Now, let’s scale it.
from sklearn import preprocessing
x_scaled = preprocessing.scale(x_unscaled)
y_scaled = preprocessing.scale(y_unscaled)
import matplotlib.pyplot as plt
%matplotlib inline
plt.scatter(x_scaled, y_scaled, color="green")
plt.scatter(x_unscaled, y_unscaled, color="red")

Scaled data has a mean of zero and a variance of 1.
x_scaled.mean()
-2.015054789694659e-16
x_scaled.std()
1.0
Scaling does not typically work if data
- is Sparse
- contains outliers.
In cases like these, sklearn provides special scalers.
Non-Linear Transformations
Sometimes, some of the features are not on a linear scale. One of the most frequently encountered example of this is logarithmic data. Here are some simple examples of such data.
- Alexa Page rank or Google Domain Authority
- Income data
- Some Engineering data (for ex., hardness of material) etc
As you know by now (or are going to learn in the next sections when you learn more ML algorithms), most ML algorithms are based on finding out distance between points. Exponential data fits poorly with most ML algorithms. It is suggested that we transform exponential data using logarithmic functions. Numpy offers functions for the same. For example, look at the following data
x_unscaled = np.random.normal(loc=5, scale=1, size=25)
y_unscaled = np.exp(np.random.normal(loc=5, scale=1, size=25))
plt.scatter(x_unscaled,y_unscaled)

Just by looking at the data above, you will instantly realize that this data needs to be transformed. If not, the distances on the y-axis is so large (in comparision to the x-axis) that it will dominate the influence of x-axis. A simple solution in cases like this would be some kind of non-linear transformation like log.
y_scaled = np.log(y_unscaled)
plt.scatter(x_unscaled,y_scaled)

This looks much more balanced, isn’t it ?
There are other types of non-linear transforms like
- Quantile Transforms
- Power Transforms
that we will not be discussing in this section.
Encoding Categorical Features
Categorical features are by definition non-numeric. So, they are not ideal for most Machine Learning algorithms.
Most of the time, there are very few values to a categorical feature. for example,
- sex
- Male
- Female
- Browser
- Chrome
- Firefox
- Edge
There are two types of encoders sklearn provides for encoding categorical values
- Ordinal Encoder
- One-Hot Encoder
Ordinal Encoder
import pandas as pd
user_id = [1,2,3,4,5,6,7,8,9,10]
sex = ["Male","Male","Female","Male","Female","Female","Male","Female","Female","Female"]
browser = ["Chrome","Chrome","Chrome","Firefox","Edge","Firefox","Edge","Chrome","Firefox","Chrome"]

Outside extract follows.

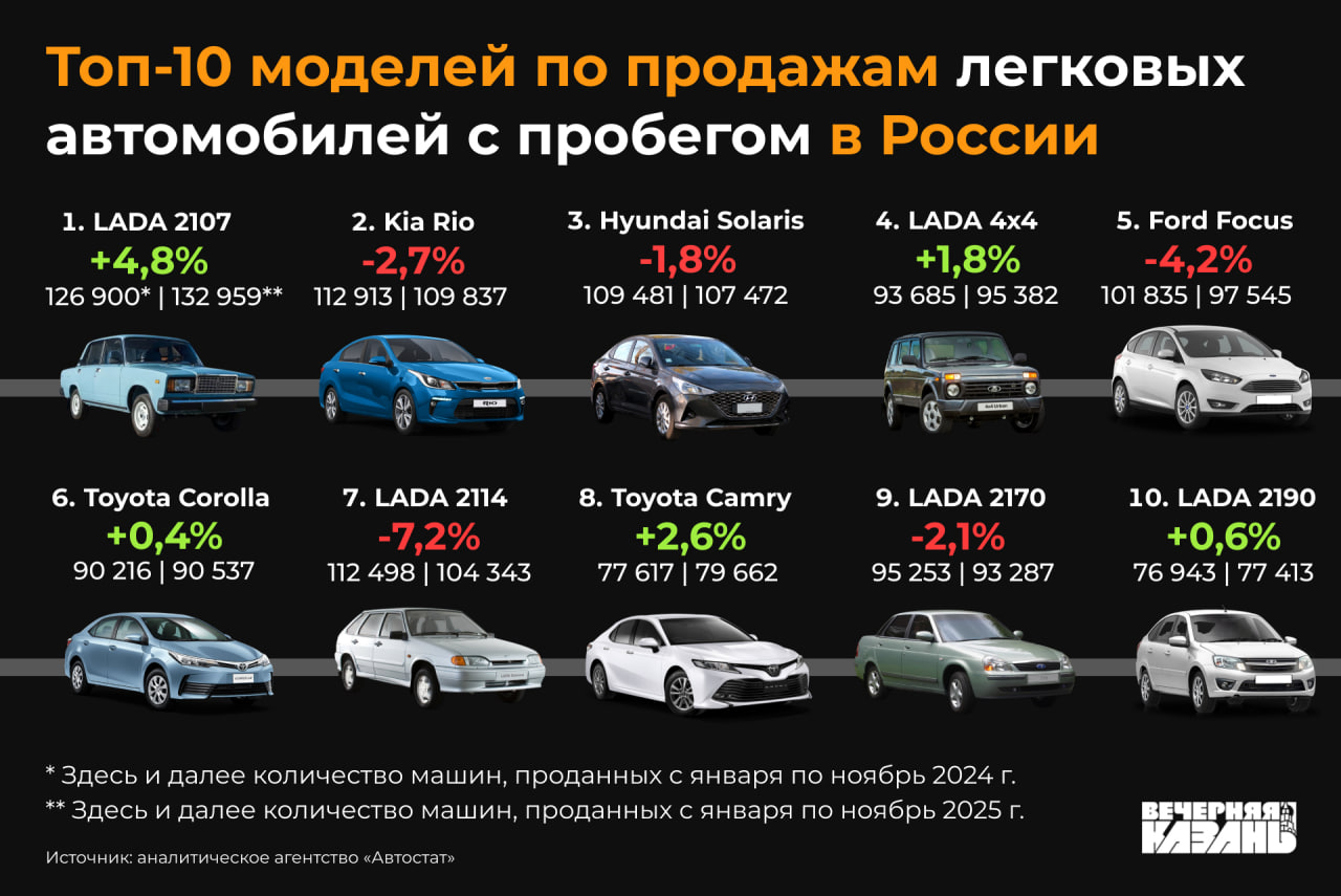 Среди брендов все так же лидирует LADA. По данным на 1 декабря, в республике было продано 48 473 подержанные машины этой марки. По сравнению с прошлым годом реализация даже чуть подросла: на 3,7%. В стране в целом вторую позицию в марочном рейтинге сохранила Toyota. На третьем и четвертом местах «корейцы» Kia и Hyundai, а замыкает пятерку лидеров Volkswagen. В десятке самых продаваемых авто также хорошо знакомые бренды Nissan, Chevrolet, BMW, Honda и Renault.

data_dict = {"user_d": user_id , "sex": sex, "browser" : browser}
browser_data = pd.DataFrame(data_dict)
browser_data
user_d sex browser
0 1 Male Chrome
1 2 Male Chrome
2 3 Female Chrome
3 4 Male Firefox
4 5 Female Edge
5 6 Female Firefox
6 7 Male Edge
7 8 Female Chrome
8 9 Female Firefox
9 10 Female Chrome
from sklearn.preprocessing import OrdinalEncoder
encoder = OrdinalEncoder().fit(browser_data)
encoder.transform(browser_data)
array([[0., 1., 0.],
[1., 1., 0.],
[2., 0., 0.],
[3., 1., 2.],
[4., 0., 1.],
[5., 0., 2.],
[6., 1., 1.],
[7., 0., 0.],
[8., 0., 2.],
[9., 0., 0.]])
Basically OrdinalEncoder encodes categorical data into ordinal data. All it has done in this case is to transform the data based on the following simple assignment
- Female = 0 , Male = 1
- Chrome = 0 , Edge = 1, Firefox = 2
One-Hot Encoder
However, sometimes this kind of data is not suitable for some of the Machine Learning algorithms – simply because the numbers don’t represent actual value. Meaning, there is no numeric meaning in the transformation for sex.

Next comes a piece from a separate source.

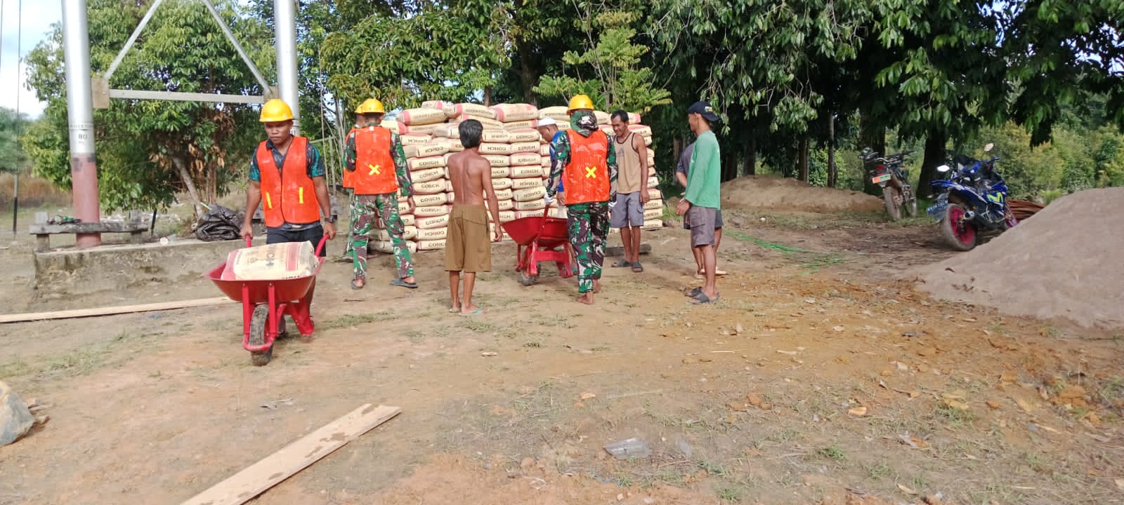 Kegiatan pergeseran semen dilaksanakan secara gotong royong,Semangat kebersamaan ini menjadi cerminan kuatnya sinergi antara TNI dan masyarakat dalam mendukung pembangunan di wilayah pedesaan.Tegas Babinsa 1015-07/Parenggean Serka Herman

Male = 1 does not mean, it is in anyway greater than Female = 0.
Scikit Learn provides another encoder for categorical data that can subvert this problem – One-Hot Encoder or Dummy encoder.
from sklearn.preprocessing import OneHotEncoder
encoder = OneHotEncoder().fit(browser_data.iloc[:,1:3])

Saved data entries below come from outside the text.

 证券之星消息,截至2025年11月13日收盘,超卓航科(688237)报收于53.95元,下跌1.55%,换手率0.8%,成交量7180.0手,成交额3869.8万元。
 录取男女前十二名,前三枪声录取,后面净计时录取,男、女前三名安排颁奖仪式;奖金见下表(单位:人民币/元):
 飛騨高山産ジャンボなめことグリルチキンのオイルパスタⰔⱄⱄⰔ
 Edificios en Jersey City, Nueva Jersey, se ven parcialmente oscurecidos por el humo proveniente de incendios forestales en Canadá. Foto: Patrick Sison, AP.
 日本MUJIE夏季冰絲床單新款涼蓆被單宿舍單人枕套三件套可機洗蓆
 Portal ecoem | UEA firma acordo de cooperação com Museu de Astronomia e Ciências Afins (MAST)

encoder.transform(browser_data.iloc[:,1:3]).toarray()
array([[0., 1., 1., 0., 0.],
[0., 1., 1., 0., 0.],
[1., 0., 1., 0., 0.],
[0., 1., 0., 0., 1.],
[1., 0., 0., 1., 0.],
[1., 0., 0., 0., 1.],
[0., 1., 0., 1., 0.],
[1., 0., 1., 0., 0.],
[1., 0., 0., 0., 1.],
[1., 0., 1., 0., 0.]])
encoder.categories_
[array(['Female', 'Male'], dtype=object),
array(['Chrome', 'Edge', 'Firefox'], dtype=object)]
Missing Values
Missing values is a huge problem in real datasets. Most of the time, this happens with datasets that is manually collected. Sometimes this is a necessary evil when merging data.
# Lets introduct some missing values in the iris dataset.
from sklearn import datasets
import numpy as np
iris = datasets.load_iris()
iris_small = iris.data[0:10,:]
iris_small[iris_small[:,:]>5.2 ] = np.nan
iris_small
array([[5.1, 3.5, 1.4, 0.2],
[4.9, 3. , 1.4, 0.2],
[4.7, 3.2, 1.3, 0.2],
[4.6, 3.1, 1.5, 0.2],
[5. , 3.6, 1.4, 0.2],
[nan, 3.9, 1.7, 0.4],
[4.6, 3.4, 1.4, 0.3],
[5. , 3.4, 1.5, 0.2],
[4.4, 2.9, 1.4, 0.2],
[4.9, 3.1, 1.5, 0.1]])

iris_small[~np.isnan(iris_small).any(axis=1)]
array([[5.1, 3.5, 1.4, 0.2],
[4.9, 3. , 1.4, 0.2],
[4.7, 3.2, 1.3, 0.2],
[4.6, 3.1, 1.5, 0.2],
[5. , 3.6, 1.4, 0.2],
[4.6, 3.4, 1.4, 0.3],
[5. , 3.4, 1.5, 0.2],
[4.4, 2.9, 1.4, 0.2],
[4.9, 3.1, 1.5, 0.1]])
Dropping unknown values (NaN) is typically a decent strategy when dealing unknown values. However, if the data itself is biased, the algorithm’s fit could also be biased. For example, imagine the person collecting the iris data could not find enough flowers of a particular species. In cases like that, missing values could be very skewed. Dropping NA’s sometimes could result in data that is biased and the resulting algorithm could also be biased.
An alternative way of dealing with NA’s is called imputation.
Imputation of missing values
Here is the definition of Impute according to the dictionary.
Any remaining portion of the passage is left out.